In 2013, Zaldivar applied under the Obama Administration for a discretionary stay of removal based on extreme hardship to his children if he were removed. For the next five years, ICE granted stays, allowing Jorge to remain together with his family even though he had a final order of removal. In July 2019, Zaldivar attended a routine check in and was detained. Due to intense public outcry, advocacy and organizing he was released shortly after.
Meanwhile, the legal underpinnings of Zaldivar’s deportation order began to unravel due to recent Supreme Court cases. When Jorge had received the paperwork for his deportation hearing, the government used a faulty notice which failed to list the date and time of his first hearing. In 2018, the Supreme Court held that such a deficient notice would not stop the accumulation of the physical presence needed for cancellation. In other words, had the Immigration Judge applied the correct interpretation of the law, Zaldivar should have been granted cancellation in 2011.
Based on the Supreme Court decision, Zaldivar applied to reopen his case. When the Board of Immigration Appeals denied that motion, Zaldivar appealed to the federal court. Then, on November 13, 2019, despite the strength of his appeal, ICE detained Zaldivar again. In January of 2020, ICE deported Jorge to Mexico. With the absence of Jorge and all of the support he provided for the entire family, Christina was placed in a situation that was very challenging – mentally, physically, emotionally and financially – for her and their family.
At the end of February, Jorge Zaldivar’s long odyssey through the byzantine immigration system finally concluded, with an Immigration Judge officially releasing her approval of an application for cancellation of removal. The decision makes Zaldivar a lawful permanent resident.

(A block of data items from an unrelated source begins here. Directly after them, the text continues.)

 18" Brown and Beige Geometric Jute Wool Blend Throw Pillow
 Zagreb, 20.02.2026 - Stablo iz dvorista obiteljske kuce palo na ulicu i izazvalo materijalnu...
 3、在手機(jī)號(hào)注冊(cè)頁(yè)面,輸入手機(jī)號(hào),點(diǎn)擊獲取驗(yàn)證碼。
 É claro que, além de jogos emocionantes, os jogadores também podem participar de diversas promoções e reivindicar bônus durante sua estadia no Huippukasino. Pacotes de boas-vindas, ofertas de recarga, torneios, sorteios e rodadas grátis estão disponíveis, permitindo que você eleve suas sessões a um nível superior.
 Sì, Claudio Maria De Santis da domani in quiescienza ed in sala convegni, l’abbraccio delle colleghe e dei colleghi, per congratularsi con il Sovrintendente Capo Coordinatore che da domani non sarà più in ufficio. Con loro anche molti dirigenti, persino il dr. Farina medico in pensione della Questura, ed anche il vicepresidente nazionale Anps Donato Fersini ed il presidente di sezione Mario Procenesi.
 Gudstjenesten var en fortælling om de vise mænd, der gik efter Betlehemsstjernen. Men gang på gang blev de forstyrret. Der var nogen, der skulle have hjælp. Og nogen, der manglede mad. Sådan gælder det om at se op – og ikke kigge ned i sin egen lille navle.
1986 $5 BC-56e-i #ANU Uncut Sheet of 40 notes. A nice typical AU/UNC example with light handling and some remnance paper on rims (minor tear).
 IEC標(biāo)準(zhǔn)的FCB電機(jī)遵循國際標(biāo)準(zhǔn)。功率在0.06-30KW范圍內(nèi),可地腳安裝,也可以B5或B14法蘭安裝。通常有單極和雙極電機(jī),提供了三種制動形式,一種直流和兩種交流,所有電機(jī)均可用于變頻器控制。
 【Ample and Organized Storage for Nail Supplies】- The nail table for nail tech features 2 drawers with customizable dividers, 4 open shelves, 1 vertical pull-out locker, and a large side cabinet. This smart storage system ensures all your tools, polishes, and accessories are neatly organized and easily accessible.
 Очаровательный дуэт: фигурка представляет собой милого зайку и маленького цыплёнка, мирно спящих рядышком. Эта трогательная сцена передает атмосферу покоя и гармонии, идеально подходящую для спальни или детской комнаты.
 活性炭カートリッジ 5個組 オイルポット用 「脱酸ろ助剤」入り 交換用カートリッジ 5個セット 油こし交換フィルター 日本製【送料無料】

What a difference a year makes. Last year at this time, Jorge was in Mexico, having been deported despite a pending federal court appeal that challenged the erroneous denial of cancellation in 2011. In June 2022, the case was finally sent back to the Immigration Judge for a new hearing, and in October 2022 ICE paroled Zaldivar into the U.S. after nearly three years of exile.
The Immigration Judge approved Zaldivar’s application in December, but her decision could not become official due to an annual quota on cancellation grants and an over three year backlog. This meant that Zaldivar would not officially become a resident until 2026.
However, in an unexpected turn of events, the Immigration Judge released her decision at the end of February, without explanation. A new green card has been printed and is in the mail as of this announcement. Jorge will now have official permission to live legally in the U.S. for the rest of his life with his spouse, children, and grandchildren.